Grabesstimmung unter US-Verlegern

Der Chef der „New York Times" gibt zu, dass Treffen mit Chefredakteuren in den USA seit einiger Zeit den Charakter eines Begräbnisses hätten. Er selbst bleibt optimistisch. Amerikaner würden im Durchschnitt 75 Minuten pro Tag Nachrichten über TV, Radio oder Zeitungen konsumieren und zusätzlich 30 Minuten online. Das Internet verdränge die „alten" Medien nicht, sondern ergänze sie.

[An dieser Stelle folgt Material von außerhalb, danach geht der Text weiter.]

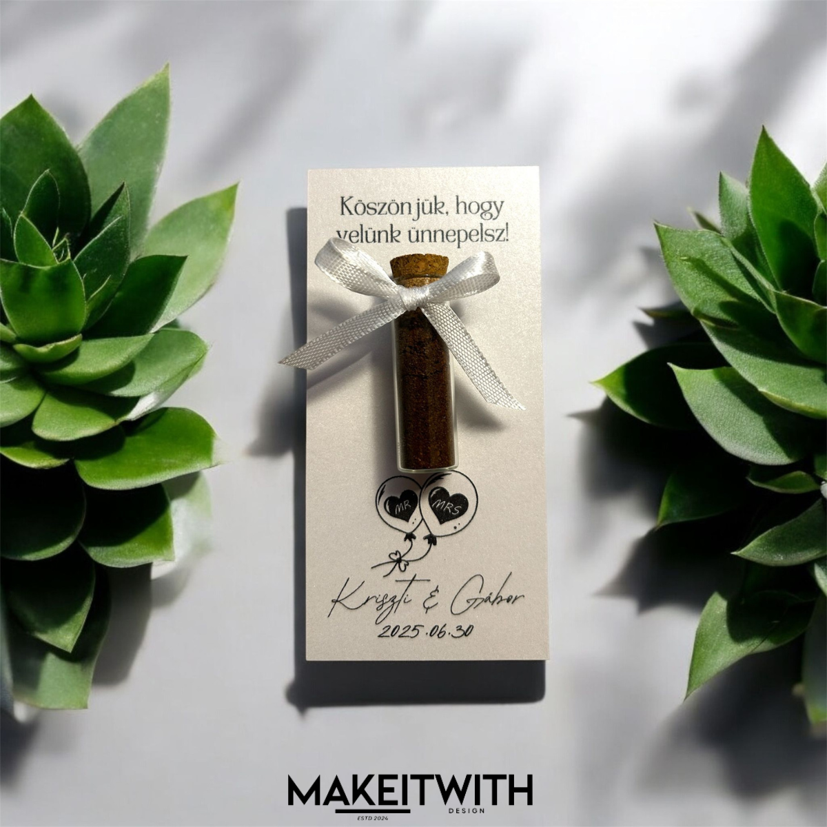 Tegyétek különlegessé a nagy napot egy személyre szabott köszönetajándékkal. Ez a kis üvegcsébe zárt finomság maradandó emlék lesz a vendégeitek számára.

Zudem würde es neue, junge, zwar noch kleine Beispiele für guten, investigativen Journalismus geben, wie die Online-Plattform „Politico".

Hombach glaubt, die Branche befinde sich bloß in einer „Anpassungskrise". Das Problem der Verlage werde sein, gleichzeitig alles (Print, Online, TV, etc) anbieten zu müssen. „Aber der Tag, an dem man uns nicht mehr gedruckt haben, will, ängstigt uns nicht. Das erspart uns viele Kosten. Schwierigkeiten wird es vielleicht für die Drucker geben. Es gibt eine erkennbare Bereitschaft, für guten Journalismus zu zahlen. Qualitätsjournalismus ist gefragter denn je." Freie Medien hätten aber keine Chance ohne eine freie Demokratie.